Ещё сильнее побледнела, да и растаяла. Один я остался в поднебесье, солнцем палимый, всему городу на обозренье выставился! И тут я вниз посмотрел…
ГРИГОРИЙ РОДСТВЕННИКОВ, САША ВЕСЕЛОВ. СКАЗКА ПРО МЫШЬ
Рисунок Евгении Сухановой
Профессор был маленький и плюгавый, как гоблин, но при этом злой, как взбесившийся орк. Минут тридцать меня пытал, что, да почему? А я же не мог ему сказать, что не до экзамена было. Приятель книжку интересную подогнал, про сталкеров. Автора не помню, Денис, Денис… Моргунчиков, вроде. Прикольно чувак пишет. Ну, я и зачитался. Как раз последнюю страницу допилил, тут и будильник прозвенел. Пошёл на экзамен смурной и помятый. На чудо надеялся, но его не произошло. А этот профессор бесчувственный, как с цепи сорвался, всё вопросы мне задавал, мучил, как доярка коровьи титьки. А под конец смотрит на меня, гад, и говорит:
– А скажи мне, Дуриков, в чём смысл биологического существования? – И сам же себе отвечает: – В паразитизме! Вот и ты, Дуриков, такой же паразит на теле нашего вуза.
А мне терять нечего. Знаю, что на пересдаче этот гоблин меня завалит. Видать, пора вещи собирать. Потому, выпятил грудь и говорю:
– Во‑первых, я не Дуриков, а Мудиков! Не смейте мою фамилию поганить! Во‑вторых, сам ты паразит, Иосиф Соломонович! За счёт студентов живёшь, плесень! На пересдачах бабки срубаешь с ребят. Вторую дачу себе строишь, кровосос! И сам ты ходячая зловредная аномалия! Комариная плешь ты, профессор! Понял, что с меня хабара не добыть – вот и завалил!

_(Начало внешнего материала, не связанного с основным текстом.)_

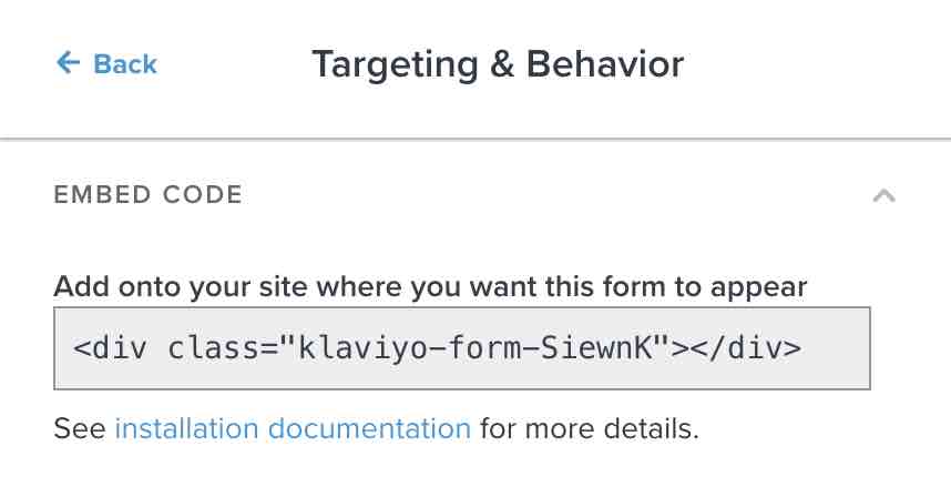 - Copia el código en la sección Código de incrustación, que necesitarás para la página de destino que crees en el siguiente paso.

У Иосифа аж пенсне с носа упало. Рот как рыба открывает, глаза пучит, лапками сучит, ножками топает. Потом как заорёт:
– Вон из аудитории!
– А чего ты ругаешься? – его спрашиваю. – По какому праву орёшь, чудь пучеглазая? Ты знаешь, бросай эти свои привилегии орать, понимаешь, орать у нас кто хочешь научились сегодня… Хватит!

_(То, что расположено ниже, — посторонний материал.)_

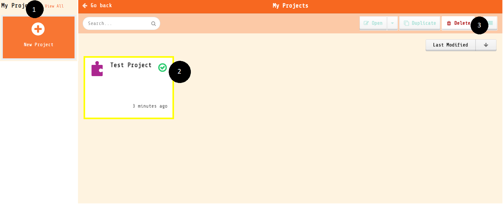 Return to the home screen. Notice that you now have two copies of your project in the My Projects area. We do not need this extra copy, so let’s delete one of them.

Хватит, сказал я со всей горячностью моего воздухоплавательного сердца и обнял профессора.
Склизкая гнида не вырвется.
А и не надо. Сейчас мы станем братья навек.
Обмяк Иосиф Соломонович. С перепугу думали инфаркт. Но если бы поражение миокарда можно было в стиральной машине прополоскать, как он свои штаны, разве это было бы не божественное исцеление.
Отчислили из академии. В армию пошёл. Генерала видел. Дураков не меряно. Научился строем ходить и опять после дембеля на медфак подал, а как же, мы теперь не ровня вам, мы льготники. На своём курсе восстановился. И опять к Соломоновичу попал. Ему и раньше казалось, что всё в этом мире не просто. Что гадит мировая закулиса. Что следят за ним. Деньги с карточек списывают. Хотят извести. А тут, раз, как говорится, снова я и ваша тётя в одном флаконе. «Парля ву франсе, пирамидон». Кто в теме, знает. По‑нашему это: «Ну что, суки, кто старший в хате?»
Смешно вспоминать, отучился, диплом дали, свалил.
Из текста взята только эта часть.